Behind every stock lies a business, and behind every business lies its employees, toiling every day to make sure things run smoothly. In today's world -- with artificial intelligence, the Internet of Things, and a slew of new, exciting technologies -- highly talented executives, especially in tech, have more choices than ever. So when a big company makes a high-profile hire or promotion, it's noteworthy.
Recently, Apple (NASDAQ:AAPL) made two headline-grabbing personnel decisions -- one new hire and a promotion -- that could affect its key services and product offerings.
Poaching from Google
Apple recently announced the hiring of John Giannandrea, formerly Alphabet's head of artificial intelligence. According to The Guardian, Giannandrea was a driving force behind Google's improvement in its core search products and voice-recognition technologies. He'd been with Google since 2010 when his start-up Metaweb was acquired by the search giant.
According to an email shared with The New York Times, CEO Tim Cook said, "Our technology must be infused with the values we all hold dear ... John shares our commitment to privacy and our thoughtful approach as we make computers even smarter and more personal."
Apple has been investing in artificial intelligence on a number of key fronts, including the recently unveiled HomePod and the company's self-driving car ambitions. However, as capable as Apple is, its current AI offerings lag well behind those of Google.
It's not known why Giannandrea chose to leave Google for Apple -- whether it was money, the chance to work at the brand new Apple Park campus, or more of a values-based choice, as suggested by Cook's comment quoted above.
One thing is for sure: Apple is making a bigger and bigger push to improve its AI systems. It was recently reported that its new HomePod smart speaker isn't selling very well, and the company cut its internal forecasts as the HomePod's AI capabilities reportedly lag well behind the leading home speakers from Google and Amazon.
In addition, Tim Cook has called self-driving cars "the mother of all AI projects", and Giannandrea's hire may also help Apple move toward that end. While Alphabet's Waymo unit is thought to be miles ahead (pun intended) of the competition, Apple researchers published a paper last fall outlining a breakthrough in their own lidar efforts.
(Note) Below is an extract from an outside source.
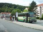 Auf dem Weg von Rostock nach Dresden machen der Rostocker Ikarus 66 214 und der H6B 233 an der Raststätte Freienhufener Eck West Rast. (04.04.2014)
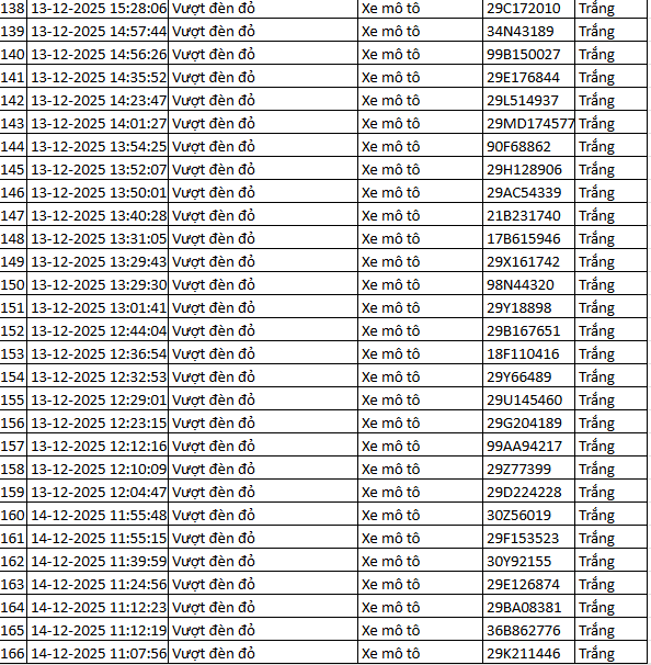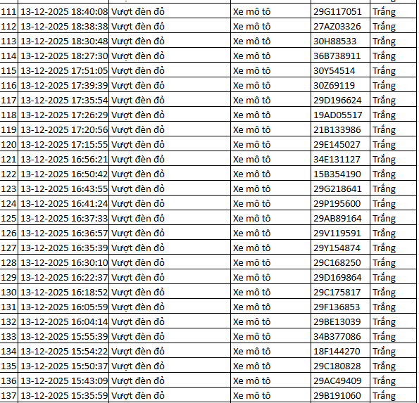 Từ 12h00’ ngày 13/12/2025 đến 12h00’ ngày 14/12/2025, đã tự động phát hiện 124 trường hợp xe máy, xe mô tô vượt đèn đỏ

The company's self-driving car project, known as Titan, has seen several leadership changes. However, it's unclear whether Giannandrea will be directly involved in Project Titan.
The new face of Apple Music
Apple also made a big promotion, picking Oliver Schusser, the former head of its European content and music operations, to head Apple Music. He'll replace outgoing head Jimmy Iovine, who announced last summer that he would be stepping down, though transitioning into a consulting role.
Iovine, whose many career highlights include producing Bruce Springsteen's Born to Run album and founding Interscope Records in 1989, joined Apple via Beats Electronics, which Apple acquired in 2013.
Those will be some mighty big shoes to fill, but obviously Schusser has proven himself to CEO Tim Cook, having launched the international App Store, iTunes Movies and TV, Apple News, and Apple podcasts, among other initiatives.
Apple Music has also made significant progress against worldwide streaming leader Spotify, which began trading publicly earlier this month. For instance, Apple announced last week that it had reached 40 million subscribers. While that's still far behind the 73 million to 76 million estimated for Spotify, Apple Music appears to be growing faster, especially in the U.S. Therefore, it appears Iovine is handing off an Apple Music service that's in excellent shape and winning over customers, and it may only need continued execution from a seasoned executive like Schusser.
The promotion is important, because Apple Music plays a key role in the company's services division, which it hopes to grow to $40 billion in revenue by 2020. Growing services are a key part of diversifying the company away from slowing iPhone sales. Last quarter, Apple reported $8.47 billion in services revenue, good for 18% year-over-year growth. Apple Music's 40 million subscribers paying $9.99 per month equals about $1.2 billion quarterly, or about 15% of that total.
Apple's cash cow is undoubtedly the iPhone, which makes up 70% of revenue. However, its strength doesn't come from just one device but the way its hardware and software ecosystems all work together. AI-enabled products and services such as Apple Music are two big ways that Apple hopes to lure customers into its ecosystems and retain them in the future. These two personnel changes are important milestones as the company works toward those goals.